- Country: United States of America
- State: Virginia
- County: Fairfax

Area
- • Total: 6.38 sq mi (16.52 km^{2})

Population (2020)
- • Total: 6,549
- • Density: 1,027/sq mi (396.4/km^{2})
- Time zone: UTC-5 (Eastern (EST))
- • Summer (DST): UTC-4 (EDT)
- FIPS code: 5109072

= Braddock, Virginia =

Braddock is a census-designated place in Fairfax County, Virginia, United States. It was first listed as a CDP in the 2020 census with a population of 6,549.

==Demographics==
Braddock first appeared as a census designated place in the 2020 U.S. census.

=== 2020 Census ===

Braddock CDP, Virginia – Racial and ethnic composition Note: the US Census treats Hispanic/Latino as an ethnic category. This table excludes Latinos from the racial categories and assigns them to a separate category. Hispanics/Latinos may be of any race.
| Race / Ethnicity (NH = Non-Hispanic) | Pop 2020 | 2020 |
|---|---|---|
| White alone (NH) | 3,851 | 58.80% |
| Black or African American alone (NH) | 248 | 3.79% |
| Native American or Alaska Native alone (NH) | 5 | 0.08% |
| Asian alone (NH) | 1,560 | 23.82% |
| Native Hawaiian or Pacific Islander alone (NH) | 2 | 0.03% |
| Other race alone (NH) | 43 | 0.66% |
| Mixed race or Multiracial (NH) | 422 | 6.44% |
| Hispanic or Latino (any race) | 418 | 6.38% |
| Total | 6,549 | 100.00% |

At the 2020 census (some information from the 2022 American Community Survey) there were 6,549 people, 2,231 housing units and 2,240 households residing in the CDP. The population density was 1,026.5 /mi2. The average housing unit density was 349.7 /mi2. The racial makeup of the CDP was 59.83% White, 3.91% African American, 0.17% Native American, 23.93% Asian, 0.03% Pacific Islander, 2.35% from other races, and 9.79% from two or more races. Hispanic or Latino of any race was 6.38% of the population.

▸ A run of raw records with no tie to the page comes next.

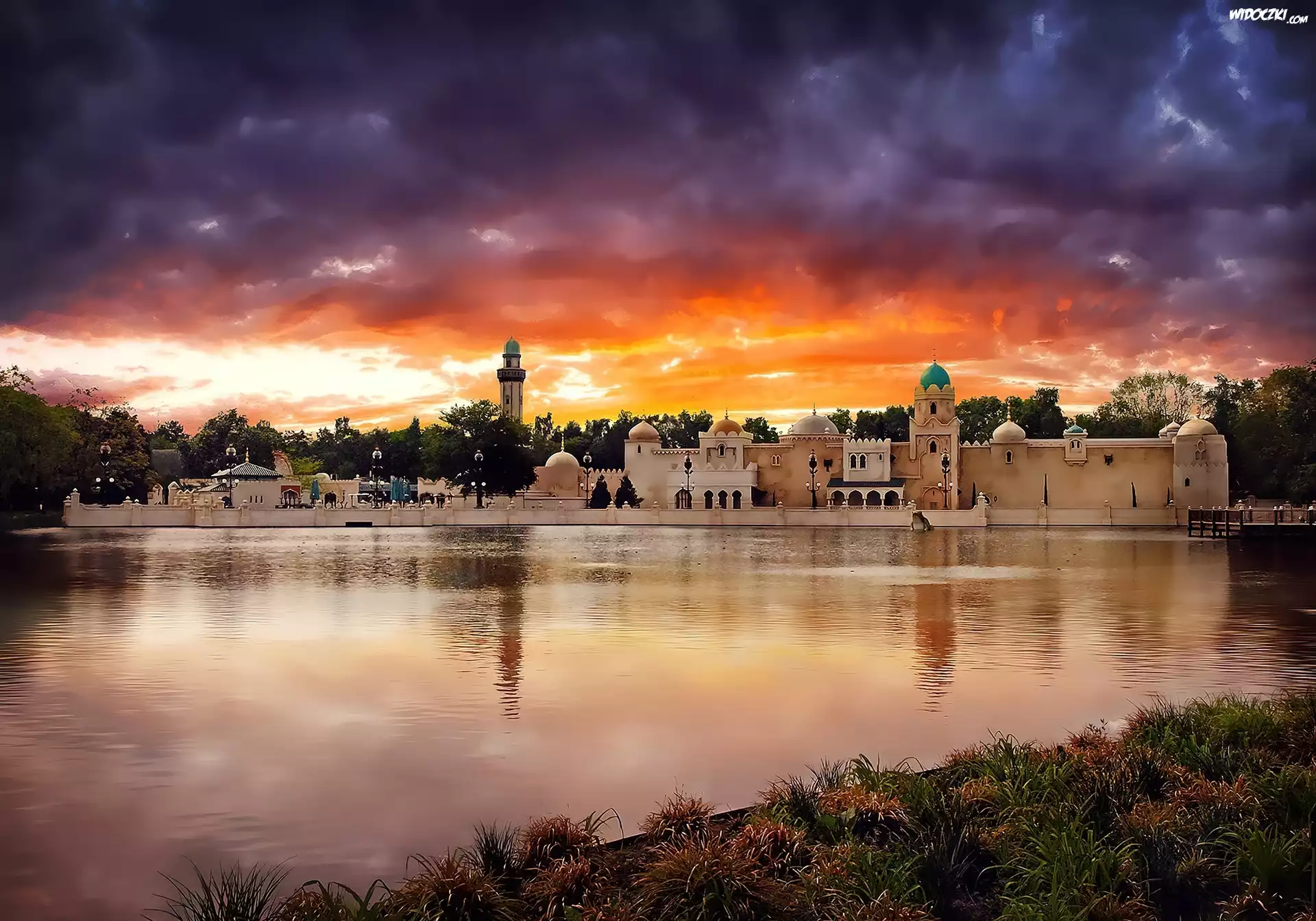 Zdjęcia, Budowla, Jeziorko, Niebo, Chmury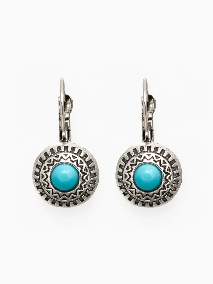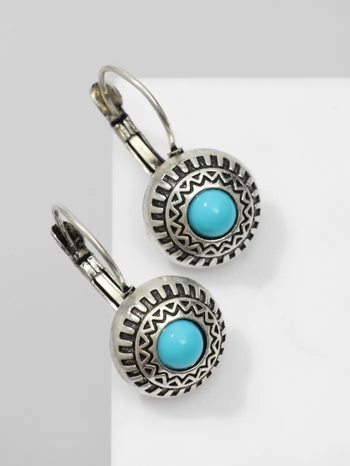 Серьги «Этника» круг в узорах, цвет голубой в чернёном серебре — Характеристики
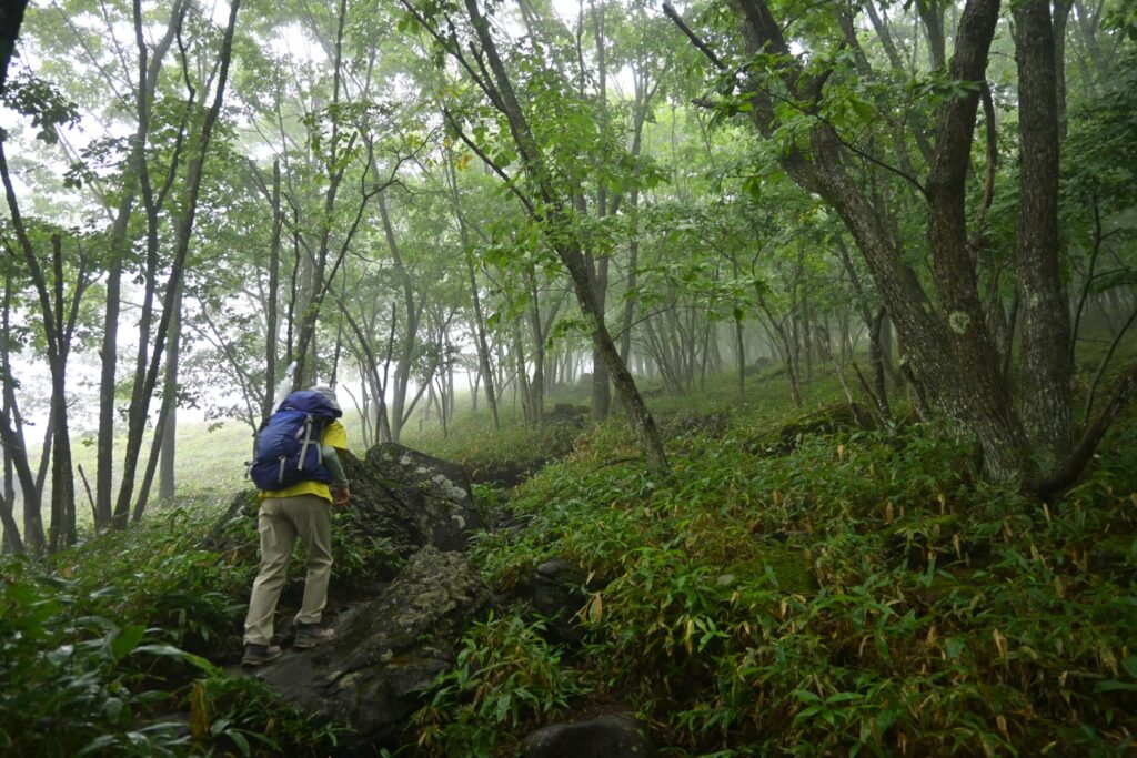 三ッ岳からの下りが激下り。膝が痛いので大変でした。前回は逆コースだったので、ここを登りました。登るほうが楽だな。膝が元気な頃はどってことないんですけどね~。激下りのあとは雨池山に登ります。こちらは穏やかで明るい笹の道。雨池山から雨池峠までも比較的穏やかな下りで助かりました。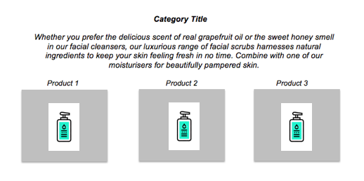 Let’s say our category is facial cleansers; here’s what the category should look like.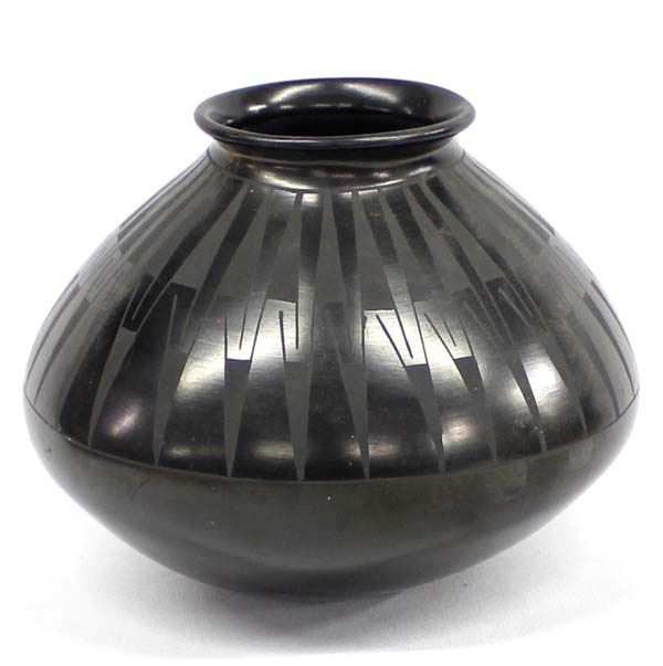 Mata Ortiz Matte on Black Geometric Pottery Jar by Hilario Quezada, measures 7'' x 7.5'' and is signed on the bottom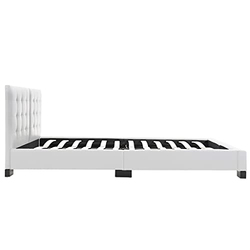 VidaXL Giroletto Classico Imbottito Sobrio Elegante Testata in MDF Telaio in Legno Pioppo Struttura Letto Bianco in Similpelle 160x200 cm
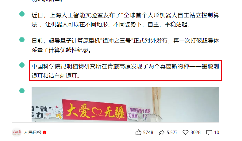 杨祝良团队的这项研究成果,不仅丰富了中国刺银耳属的物种多样性,还为真菌分类学提供了新的分子数据支持。

Of the family households, 73.1% were married couples, 7.4% were a male family householder with no spouse, and 15.9% were a female family householder with no spouse. The average family household had 3.26 people.

The median age was 48.3, 22.6% of people were under the age of 18, and 22.6% were 65 years of age or older. The largest ancestry is the 15.2% who had English ancestry, 21.0% spoke a language other than English at home, and 21.7% were born outside the United States, 84.3% of whom were naturalized citizens.

The median income for a household in the CDP was $229,100. 11.8% of the population were military veterans, and 71.1% had a batchelor's degree or higher. In the CDP 0.1% of the population was below the poverty line, none of those under age 18 and 0.2% of those age 65 or over, with 3.1% of the population without health insurance.